Author holding a dead fish

Phishing, according to the Wikipedia entry on the topic, is a term that combines the words “password” and “harvesting”. Typically, phishing takes the form of a phone call or email where the perpetrator poses as a trustworthy source (your bank, for example) and uses this trust to request private and profitable information.

This post will provide advice on how to avoid getting phished over the telephone, but first I’m going to describe how it almost happened to me. If you get a call like the one I got, I hope it sets alarm bells ringing before any damage is done.

I almost got phished

In February 2006 I got a phone call from someone named “Mark,” who ostensibly works for Rogers Wireless, my cell phone provider. The conversation went something like this:

Him: “Hello, sir, this is a courtesy call from the accounts receivable department to confirm your personal information in our files. The credit card we have for you is no longer active.”

The first thing I think is: “that makes sense, because I lost my credit card about two weeks ago and cancelled the account. I just got a new credit card.”

Him: “I’d just like to confirm your name and address as well as some other information. Can you confirm your current address?”

Me: “Sure, it’s 5959 Glen Stree… Wait! Why are you asking for this information over the telephone? No reputable company would do that.

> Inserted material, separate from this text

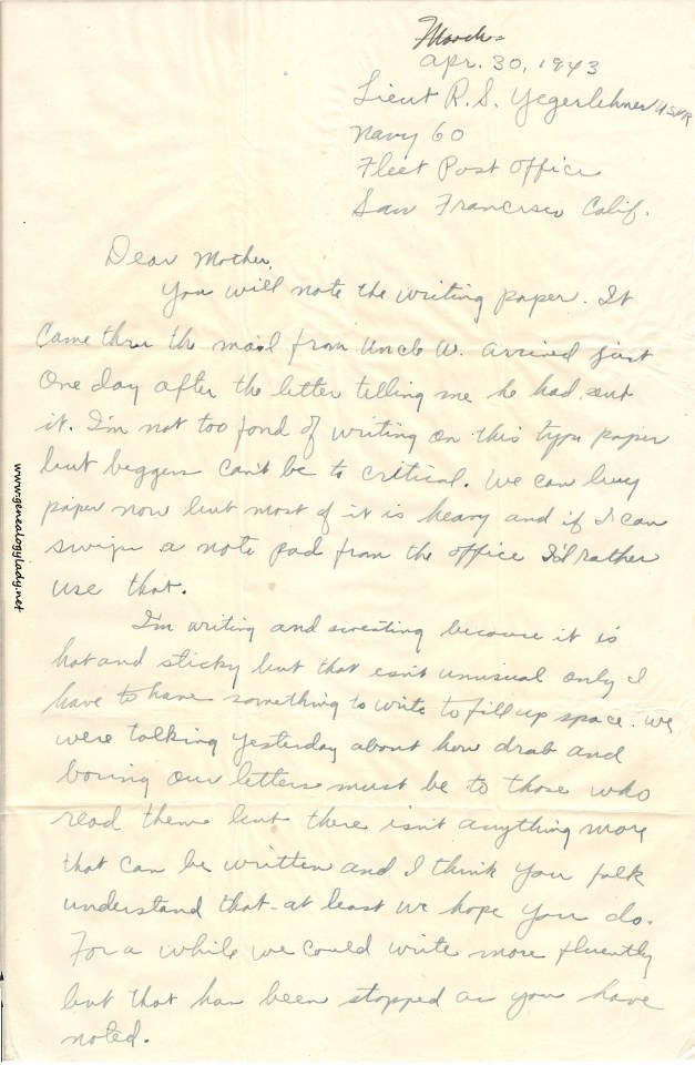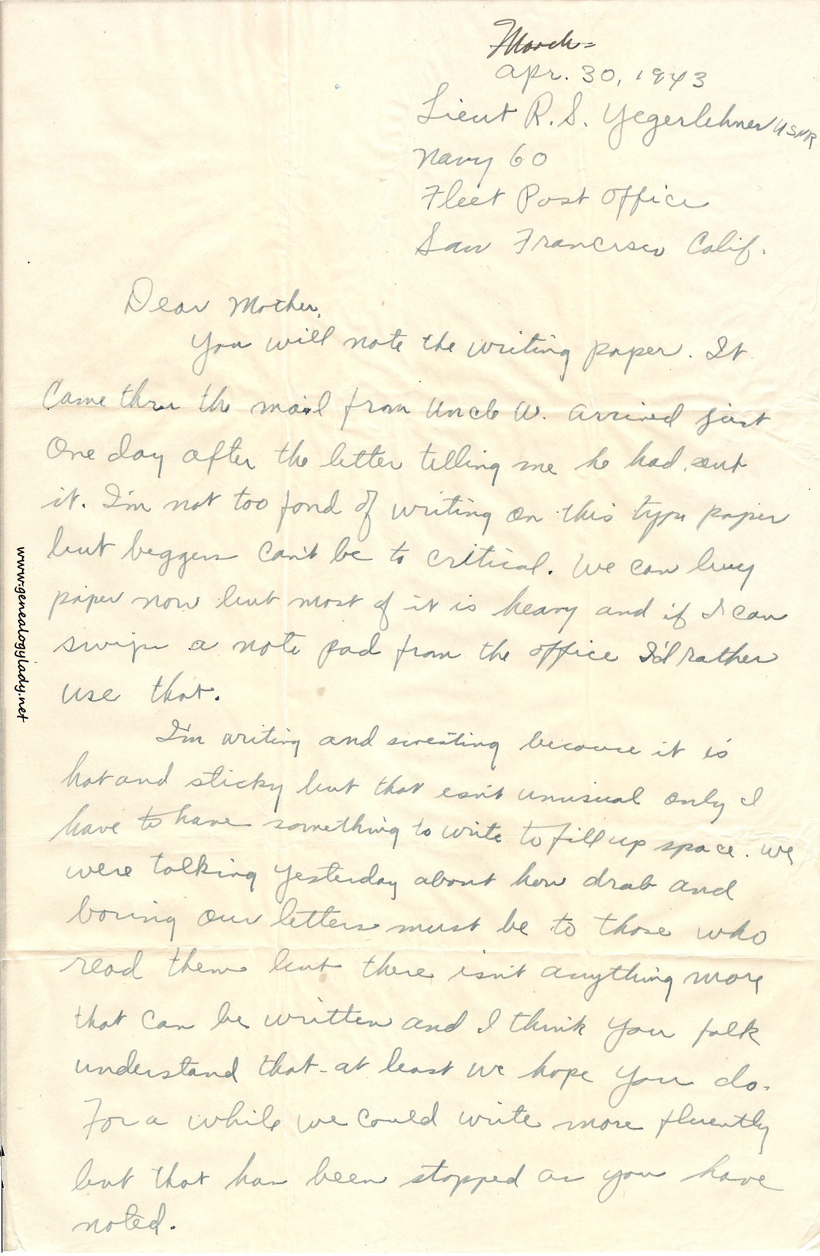 Series I: World War II Correspondence – Roscoe & Gladys (Foster) Yegerlehner, 1942-1946

I’m going to call Rogers with a phone number I trust to make sure that I’m not getting scammed.”

Him: “Uhh, Okay.”

I immediately called Rogers Wireless to find out if they really needed my information.

Anna, the woman I spoke with, said that Rogers had no way of knowing that my credit card wasn’t active because they hadn’t yet tried to charge it. She confirmed that it was likely a phishing attempt.

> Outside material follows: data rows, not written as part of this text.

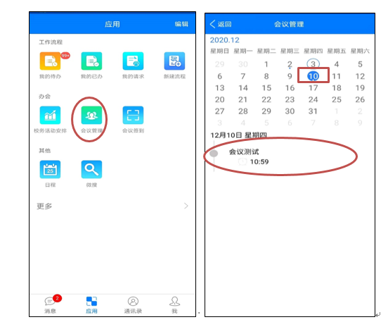 STEP1: 查看会议室使用情况:登录E-Mobile,在“应用”-“会议管理”-“会议室占用情况”查看。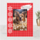 Red and white pet photo Christmas card with white snowflakes. Tell your dog I said Merry Christmas.
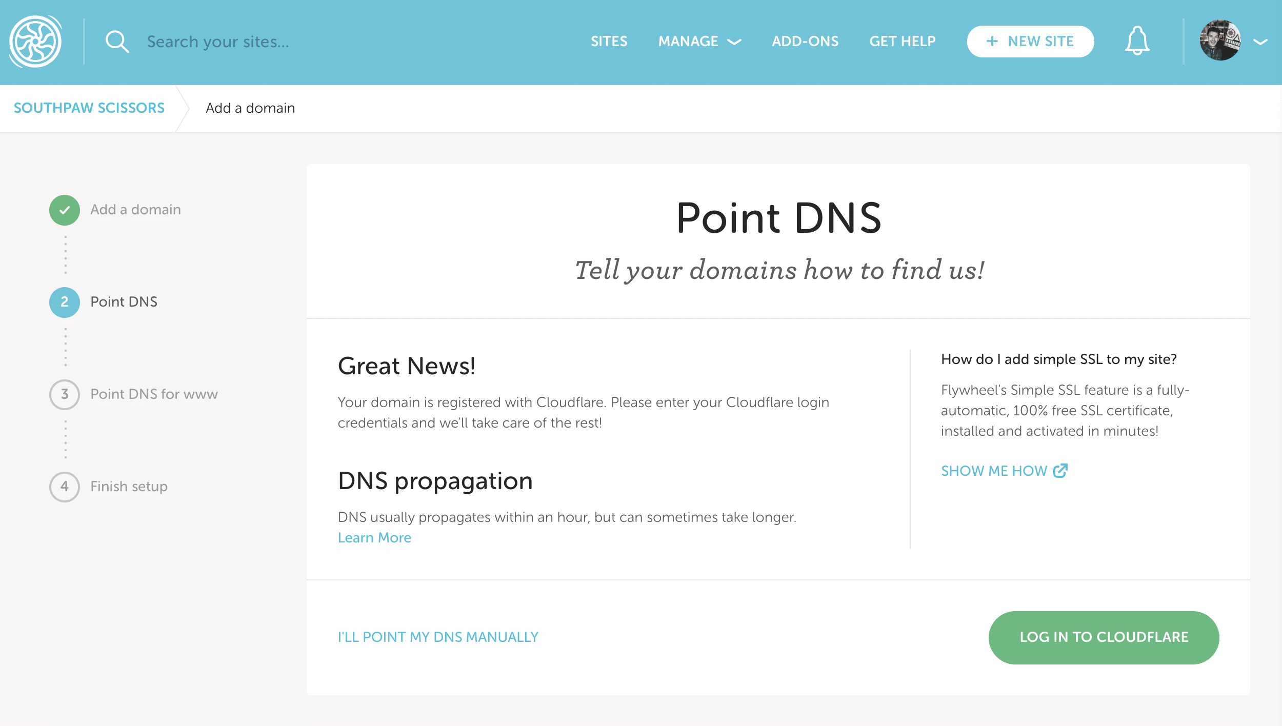 Domains managed by Cloudflare can take advantage of Flywheel’s partnership with Domain Connect, which allows Flywheel to set up DNS records with Cloudflare on your behalf.

Whether the scammers knew that I had cancelled my credit card (perhaps by illegally purchasing a list of such cancellations) or they were just hoping that if they called a large enough group of Rogers customers (it may be possible to legally obtain a list like this) someone would take the bait, I don’t know.

Anyway, I immediately changed my banking passwords as well as most of my other online passwords in case the scammers knew more about me than just my telephone number, affiliation with Rogers, and credit card company (those items are scary enough).

I avoided the phishing attempt, but perhaps it was only because I was extra security conscious in the weeks following the loss of my credit card. Nonetheless, I would like to think I would spot this trick any day of the week. You should be able to spot it, too.

Never get phished by following this simple advice:

  1. NEVER give out your personal information to a company or anyone else unless you have first called a phone number you trust. If they call you, hang up and call them back using a number from the phone book or company website.
  2. If you are suspicious, trust your instincts. Many phishing victims later say they had a bad feeling about the encounter the whole time, but they ignored it.

What to do if you get phished:

  1. Immediately change all of your passwords for bank accounts, email addresses, and any other online service you use. By the time the scammer attempts to access your account, none of the information you gave him will work.
  2. If the phisher has already changed your passwords, call your service providers to notify them and request that they close your accounts. Then report what you can to the police.